Reputation: 2469
Do I require HttpsRedirection?
"Kestrel": {
"Endpoints": {
"Https": {
"Url": "https://*:443",
"Protocols": "Http1"
},
"gRPC": {
"Url": "https://*:8443",
"Protocols": "Http2"
}
}
I am using the above kestrel configuration to run my ASP.NET Core Web API app. I have the required Self signed development certificate for development purposes and the CA certificate configuration for Server deployments.
My application is not public facing and I can configure the clients to the APIs over SSL. So, As seen above, I am not exposing an HTTP endpoint.

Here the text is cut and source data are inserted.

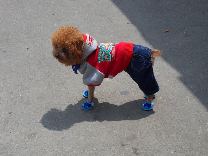 signalez un problèmemon Dieu ! le monde devient fou ma bonne dame !!! pôve tite bête, le ridicule ne tue pas heureusement , pour lui ! s'il pouvait parler ..... en plus il doit se faire foutre de lui par ses congénères ! je voudrais bien le voir marcher avec ses sandales , tiens !! sont "zarbis" les gens quand même .....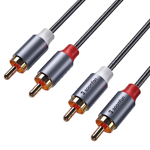 SOOMFON Phono to Phono RCA Cables 2RCA Male to 2RCA Male Stereo Audio Cable Red and White Leads HiFi Sound 24K Gold Plated Connector Copper Core Compatible with Amplifier DVD Player Speaker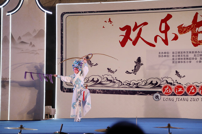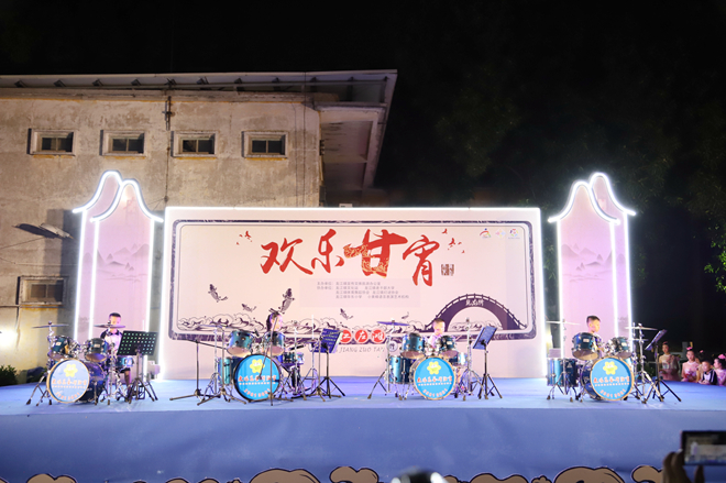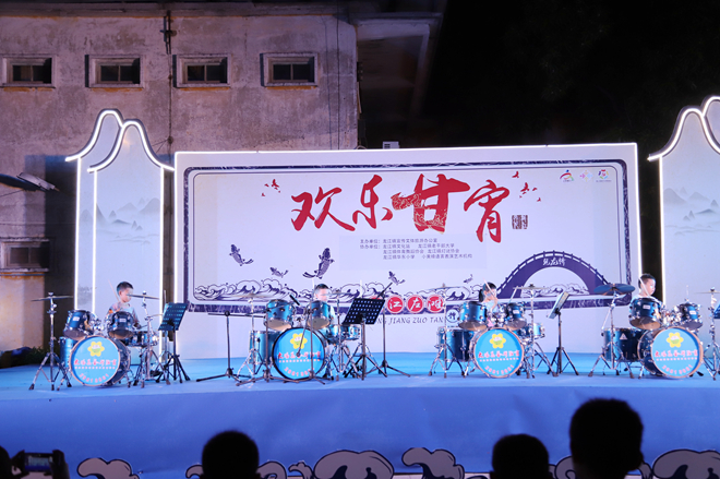 我校粵劇老師和小演員們給甘竹群眾帶來了《趙子龍之甘露寺》、《思凡》等11個(gè)粵曲節(jié)目。除了粵曲,我校小鼓手們還帶來了《鼓舞中國》、《改變自己》等4個(gè)爵士鼓節(jié)目。星光閃耀,粵韻聲聲,這是華東小學(xué)粵劇小演員們的夜晚,也是甘竹人們的夜晚。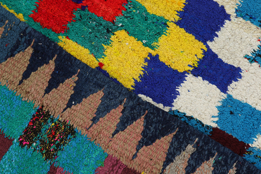 Abrash: Auf Grund des unterschiedlichen Wollfettgehalts und der unterschiedlichen Salzmenge während des Färbungsprozesses, hat die Wolle eine unterschiedliche Farbaufsaugfähigkeit. Vor dem Weben ist es nicht so sichtbar. Aber beim Weben entstehen Reihen mit unterschiedlichen Farbabstufungen der gleichen Farbe. Dies heißt Abrash und verdeutlicht die Natürlichkeit und die Originalität der Wolle, die mit keinen chemischen Mitteln behandelt wurde. Beispiele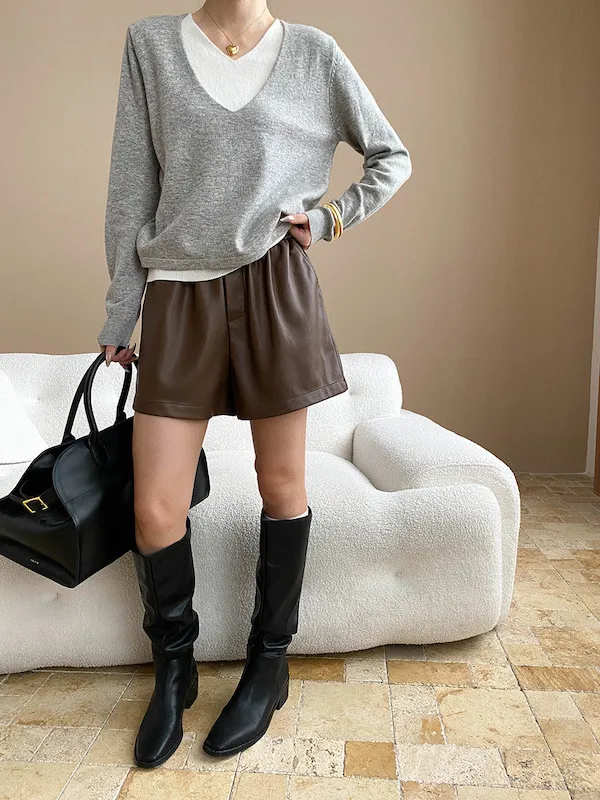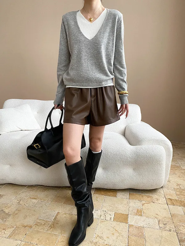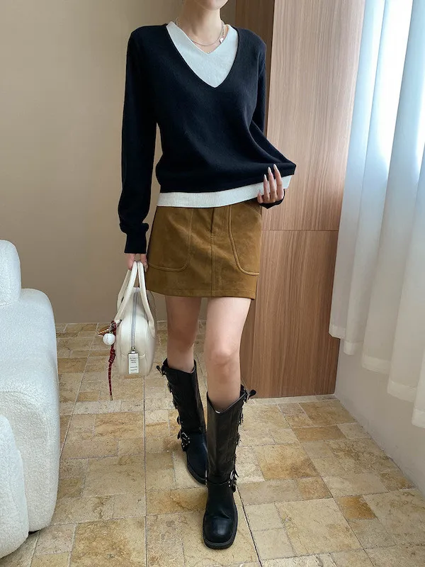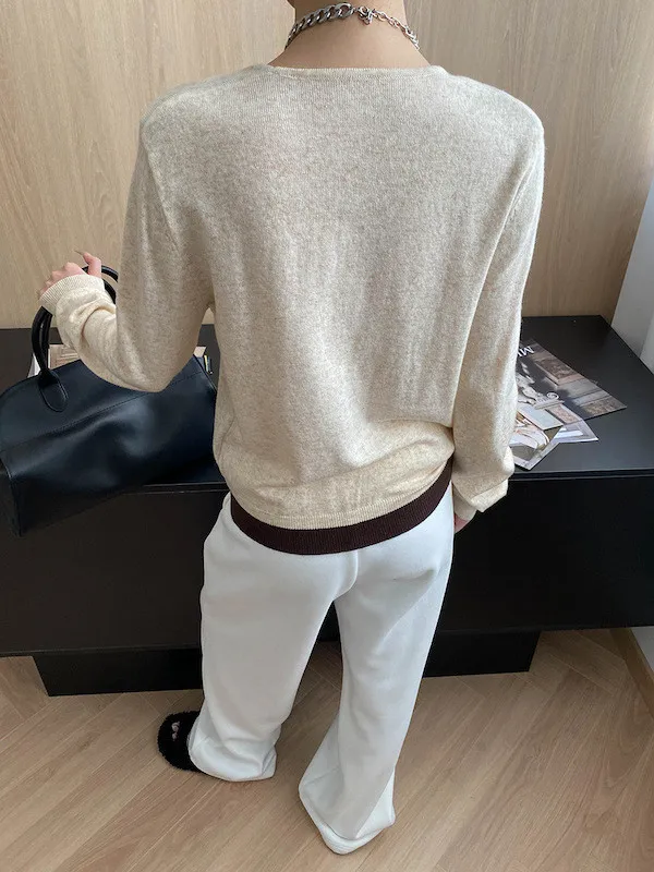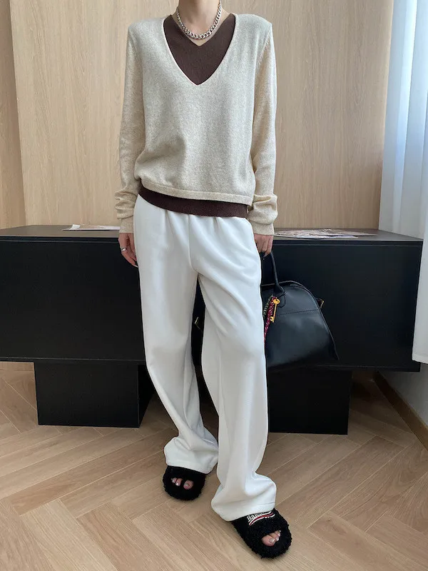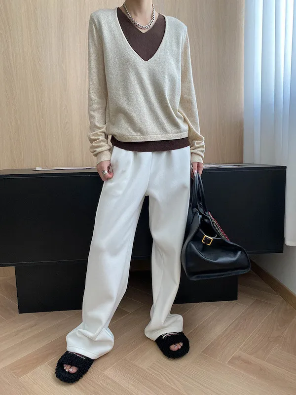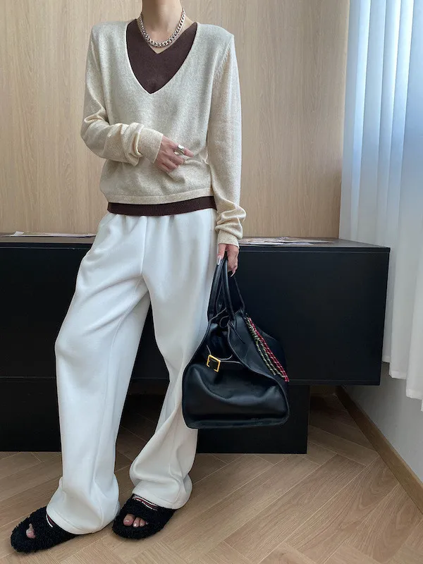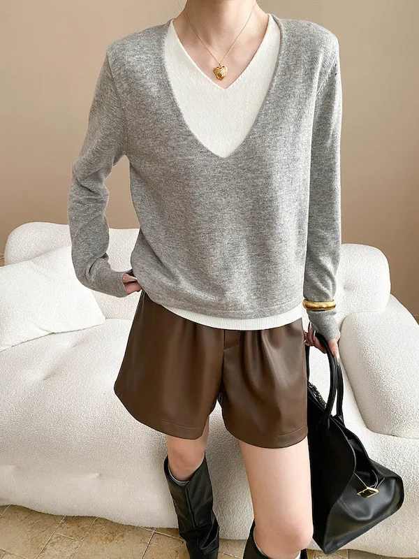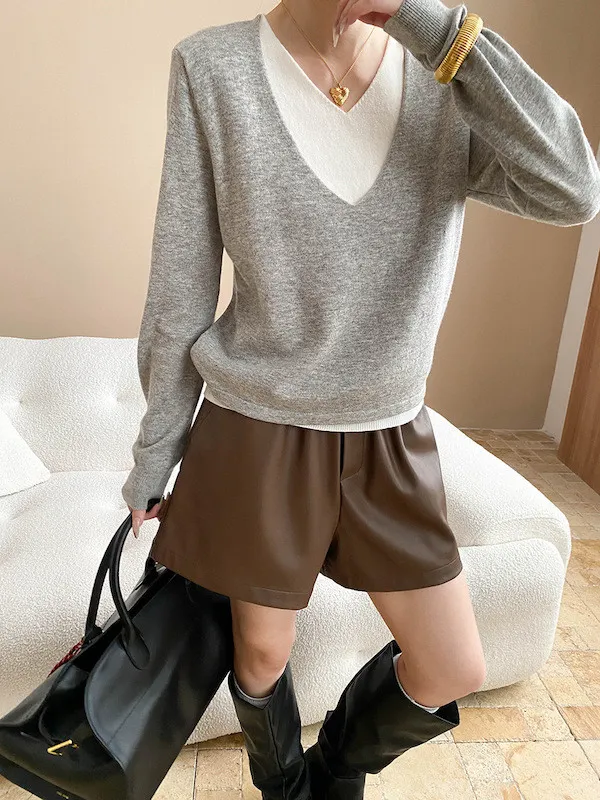 晨昏時光 假兩件撞色V軟糯領針織衫 3色
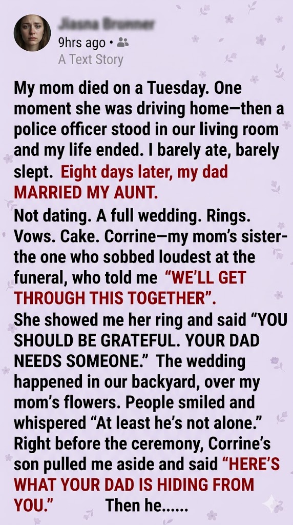 My dad married my aunt exactly EIGHT DAYS after my mom’s funeral… but my cousin just exposed their sickest secret right before the vows. 💔🚨 Wait until you see what I did at the altar. You will NOT believe this ending.

Do I require UseHttpsRedirection or ASPNETCORE_HTTPS_PORT configuration as I am not exposing a non-secure Http port?
Upvotes: 1
Views: 54
Answers (1)
Reputation: 93173
There's no need for UseHttpsRedirection in this scenario, where Kestrel listens only on https. The first step in the HttpsRedirectionMiddleware is to check whether the established connection is already on https: if it is, the middleware does nothing (it's a no-op):
if (context.Request.IsHttps) { return _next(context); }
Upvotes: 1
Related Questions
- How to configure IIS to define Client Certificate required on a specific endpoint when routing make endpoint path different from physical path
- Adding a CA certificate for client certificates
- Create X509 Certificate for Device from a CA certificate using C#
- Self-signed certificate for device with local IP
- Using same X509 certificate for multiple devices in Azure device provisioning service
- iOS Client Certificates and Mobile Device Management
- Using client certificate not in certificate store
- Using Client certificates for Windows RT (windows 8.1/windows phone 8.1)
- Is it possible to use a client certificate installed on an iOS device within my app?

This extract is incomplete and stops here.